CIS Seminar - From Everyday Applications to Recommendations: Unifying Relevance feedback for Multi-application User Modeling

CIS Seminar

3:00 PM, Monday February 15 2016
235 Weir Hall

From Everyday Applications to Recommendations: Unifying Relevance feedback for Multi-application User Modeling

Abstract: Accurate models of user interest are valuable in personalizing the presentation of the often large quantity of information relevant to a query or other form of information requests. A user often interacts with multiple applications while working on a task. User models can be developed individually at each of the individual applications, but there is no easy way to come up with a more complete user model based on the distributed activity of the user.

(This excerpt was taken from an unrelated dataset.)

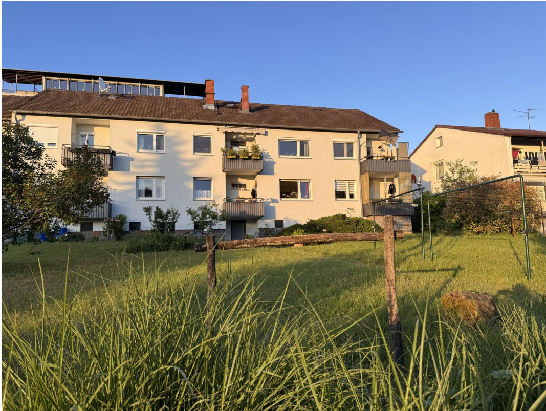
Hausansicht - Gartenseite
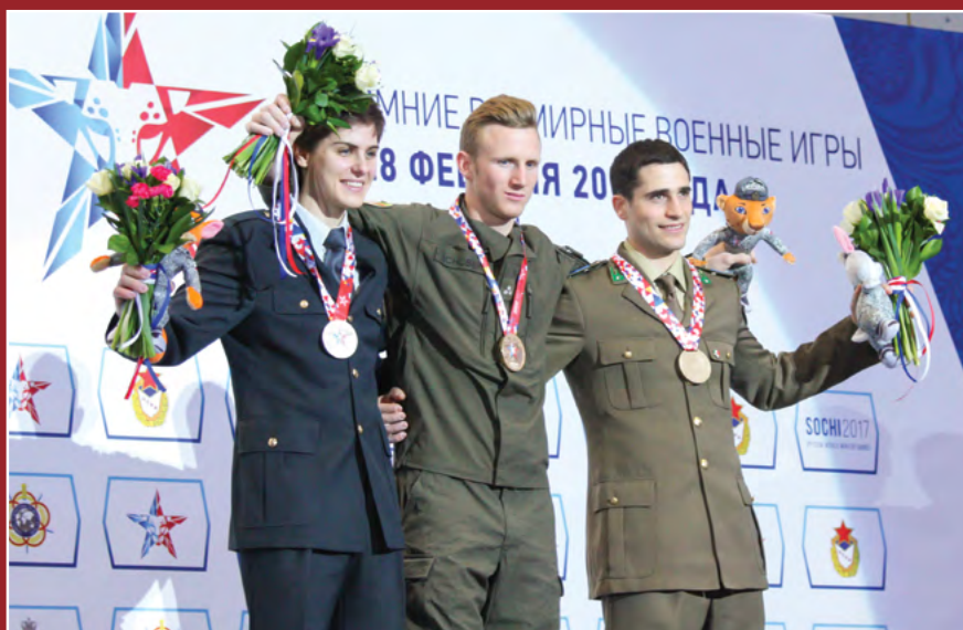
Drugo mesto Škofica v težavnosti

In this talk, I will introduce a novel unification framework for relevance feedback in adaptive information access; practically these models provide context for user interactions with everyday applications for user interest modeling

Specifically, I will formally define the personalized information delivery and discuss the unique properties of heterogeneous data sources that make this problem challenging. By analyzing the two most important types of relevance feedback types, implicit and explicit, I will introduce the unified framework by collectively using heterogeneous information interactions in multiple everyday applications. To tackle the cold-start problem in personalization, I will show how we can take advantage of the many existing interactions combining various implicit and explicit relevance feedback indicators in a multi-application environment. I will also present a conceptual framework expanding the use of human eye movements as a source of implicit relevance feedback for user interest modeling.

Bio: Sampath Jayarathna is a PhD candidate and a teaching fellow in the Department of Computer Science and Engineering at Texas A&M University. Sampath Obtained an MS in Computer Science at Texas State University, San Marcos, Texas. His current research interests include development of human-computer information retrieval (HCIR) and machine learning techniques for effective and efficient adaptive information access. His previous research experiences include eye tracking, human oculomotor system, and biometrics.